Nothing makes me wish I was Geoff Dyer more than when I visit an art gallery. Though it has to be said, I pretty much wish I was Geoff Dyer all the time. Well, just in terms of writing things and thinking thoughts.
I’m highly ambivalent about art galleries. On the one hand, they’re full of beautiful objects and the works of genius hands and eyes; and on the other, it’s as if an evil mastermind tried to work out the worst possible context in which to see those things. It’s like being presented with a perfectly cooked gourmet meal in a sileage-filled farmyard. Fat horse flies buzzing above their shadow on the damask tablecloths.
We were in the Uffizi on Monday in Florence. I’d never visited it before so it was one of those must-sees which as I get older feel more like a tiresome obligation than a vital experience. We queued for our online ticket pick up; then we queued to get in. Then we joined what was essentially a never-ending moving queue that took us through the intestines of the palazzo and past some of the greatest works of Renaissance art as if we were on the Generation Game conveyor belt and the Venus had to remember us all to win a fortnight in Torremolinos.
Botticelli’s Venus was amazing, though. It’s one of those paintings I’d seen a thousand times but never actually looked at. A tablecloth, or a Terry Gilliam skit, now I actually saw it was a painting. The swirl all centred around a zen-like calm beauty - the skin and the fabric, the flowers and the fingers, the sea and the forest, the guy in the blue fedora taking a selfie, eyebrow cocked with a bemused ‘look where I am!’ expression.

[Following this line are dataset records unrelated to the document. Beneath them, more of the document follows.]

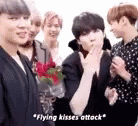 Suga (Min Yoongi) of BTS sends flying kisses to the camera, joined by other members.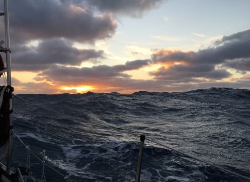 Monday evening - very grey cloudy sky and gusty wind from WNW - making around 5kt on ENE course. Difficult to head downwind in swell that knocks the boat around and causes the headsail/genoa to collapse at times.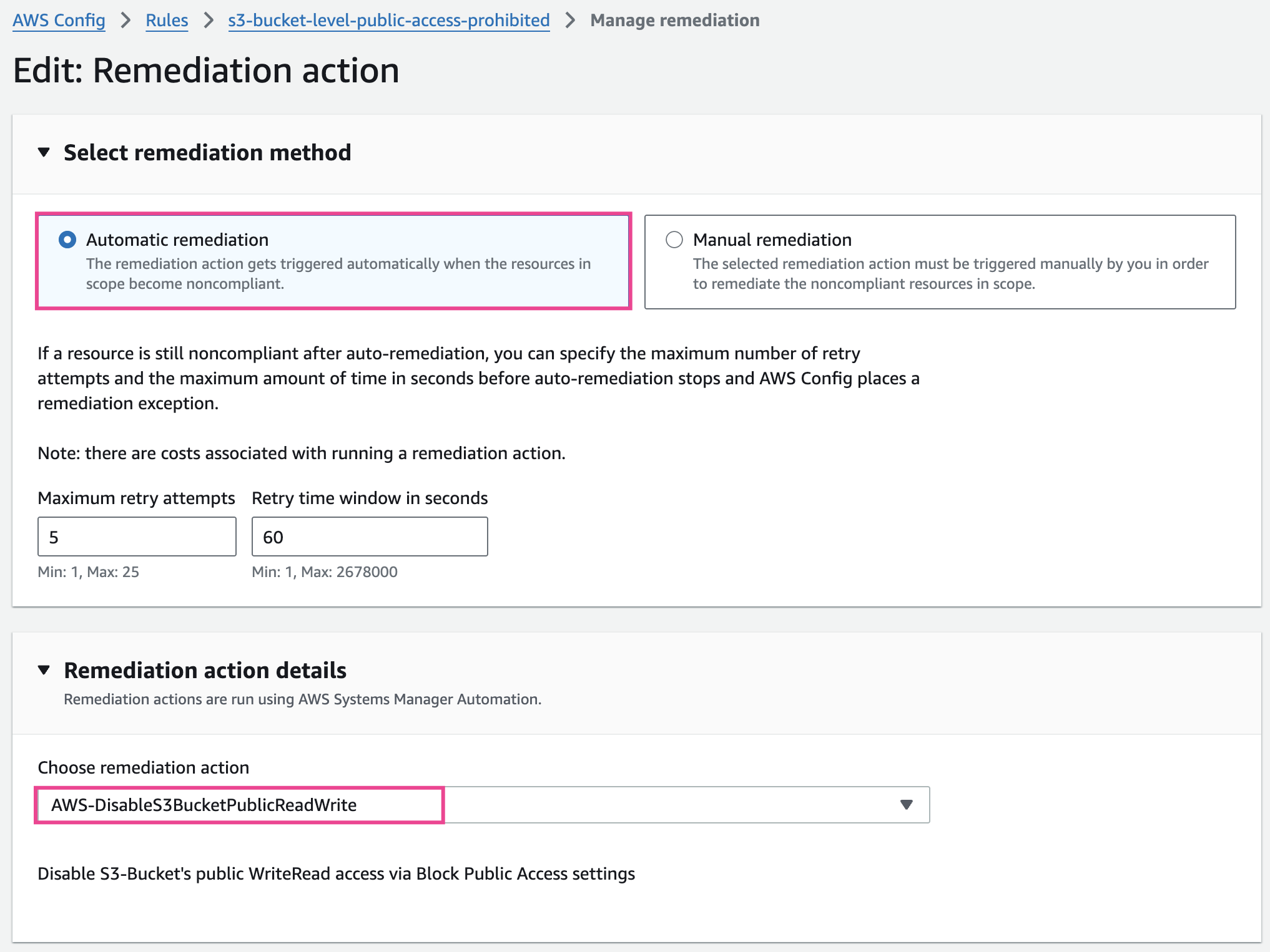 Đợi tầm vài phút bạn sẽ thấy bucket vừa rồi bị báo là Noncompliant và remediation được kích hoạt, kiểm tra S3 bucket sẽ thấy:

Venus is one of the celebrity paintings. You can tell by the scrum in front of them. We stand at the back wait for people to take their pictures and then hover and then retreat grinning and I do the same. I try not to take a picture and just absorb the painting through my eyes. After all, I’m never going to look on it once it’s on my phone. Maybe I’ll post it on the socials with a filter to give it a more Renaissance-y look. But then I feel not taking a photo has become a heavier act than taking one. Like I’m braying above the crowd - ‘look everyone! I’m not taking a photo’.
So now I feel like shit. What can I do in front of this stuff? What do I do with it? Why do I have to be so self-conscious? But it’s like Christmas. It should just be another day of the week but it sharpens everything with a different blade. You can’t just be in this kind of situation. I’m not just looking at paintings: I’m looking at other people looking at them and I’m aware that I’m being looked at as I look at them. Not in an ‘oh he’s interesting’ way, but rather in a ‘why’s he just standing there and not taking a photo?’ way; a ‘when’s he going to move?’ way.
My discomfort levels aroused to a significantly high degree, I engage satire. It helps that the Uffizi is pretty much wall-to-wall God fan fiction. I start spotting Hollywood actors in medieval garb. A lot of Mia Goths, a few Mark Rylances, there’s William Forsythe as Martin Luther. We compare ugly baby Jesuses. And at the other end of the lifecycle check out the Messiah’s abs in the crucifixion scene. He’s a hard 33 poor bloke. A rough life.
Art galleries feel like the National Lottery. On the surface it’s a good thing right? Giving all this money to someone, or making all this beauty available to the public. But on the other hand, it’s a lesson in why certain people shouldn’t have money/beauty. Rich people know what to do with it, the lottery tells us. They’ve had the training. They’ve expected it. Someone like me gets it and wants to buy a helicopter and fill it with Curly-Wurlies. You just know he’ll be stupid broke in the space of eighteen months.
Same with this art. If I was a more cynical type, I’d argue that art galleries are designed to alienate us from ourselves and from culture on purpose. To make us feel more estranged and unworthy, buying fridge magnets and jigsaws in the gift shop and feeling wretched. I want to be Cameron in Ferris Bueller having a direct meaningful relationship with a painting but I’m more like Ferris Bueller in Ferris Bueller. Striking allegedly funny poses of archness. Once more, the urge to punch myself in the face becomes overwhelming.
Then again I bet this is exactly what the Renaissance was like. After all, this is both where and when the bastards invented capitalism. Everyone gathered to see and be seen. Everyone thinking of vacuous nonsense and talking new ruffs and dung prices and trying to work out if it would be cooler to like or not like the latest Da Vinci. Moaning about the cherubim discourse.
At a certain stage - possibly due to exhaustion - I start to like it. I get into it, somehow. I’m not sure if what I’m experiencing has any real connection to art, or depth of knowledge. Rather it occurs to me once more that I’m dying and so is everyone here and in that I find some comfort when the Spanish guy with the loud baby barges past the Caravaggio. It’s a perfect moment. Right out of a Geoff Dyer essay. Which gives me an idea.